It works by wrapping execution steps of any arbitrary code into stages that can be linked together into execution chains. Chains, in turn, can be executed, in sequence or in parallel, with a logger that automatically tracks each stage’s success or failure along with performance metrics like latency.
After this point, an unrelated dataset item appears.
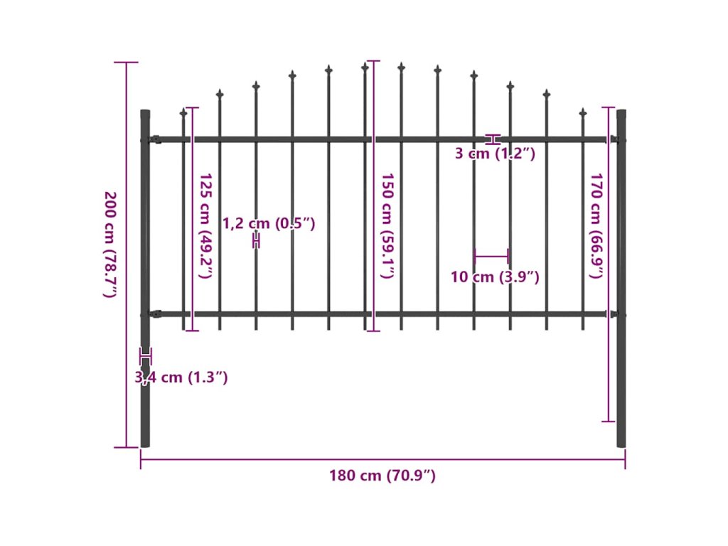 Plot je vyrobený z odolnej ocele, a preto je mimoriadne stabilný, pevný a trvácny. Záhradné oplotenie pozostáva zo zvislých stĺpikov s hrotmi a z pevných vodorovných oporných tyčí, vďaka čomu poskytuje optimálnu bezpečnosť a súkromie. Plotový panel sa jednoducho montuje.

In short, it keeps execution cleanly organized into modular, maintainable units.

rp is general in purpose and can be adopted as much or as little as you find useful.

Overview

In this tutorial, we will migrate non-rp code into the rp framework so that our router endpoint becomes a readable pipeline chain that looks like this:

pipeline := InSequence(
parse,
fetchCustomer,
fetchInventory,
checkStock,
calculateTotal,
runPayment,
createShipment,
createOrder,
sendOrderInProgressAlert,
successResponse,
)

We will see how the logger makes monitoring and debugging easy with detailed pipeline execution output like this:

And, we will optimize performance and reduce latency by ~1/3 by using rp’s intuitive built-in concurrency model:

pipeline := InSequence(
parse,
InParallel(
fetchCustomer,
fetchInventory),
checkStock,
calculateTotal,
runPayment,
InParallel(
createShipment,
createOrder,
sendOrderInProgressAlert),
successResponse,
)

In all, we will cover four implementations of the same endpoint that demonstrate varying degrees of framework adoption.
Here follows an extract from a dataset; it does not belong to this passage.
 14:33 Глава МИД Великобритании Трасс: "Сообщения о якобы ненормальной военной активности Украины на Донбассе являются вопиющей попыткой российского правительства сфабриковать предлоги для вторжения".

rp was built to make use of Go’s goroutines for maximum performance while also providing a simple interface that’s (hopefully!) easy to learn and work with. Overall, it’s meant to be unopinionated and to allow you to use it however you want. It’s available under the MIT license so have at it!

Setup

This example walks a simplified ecommerce purchase endpoint through four implementations, adopting rp further with each. The full source code is located in /examples/ecommerce/ecommerce.go.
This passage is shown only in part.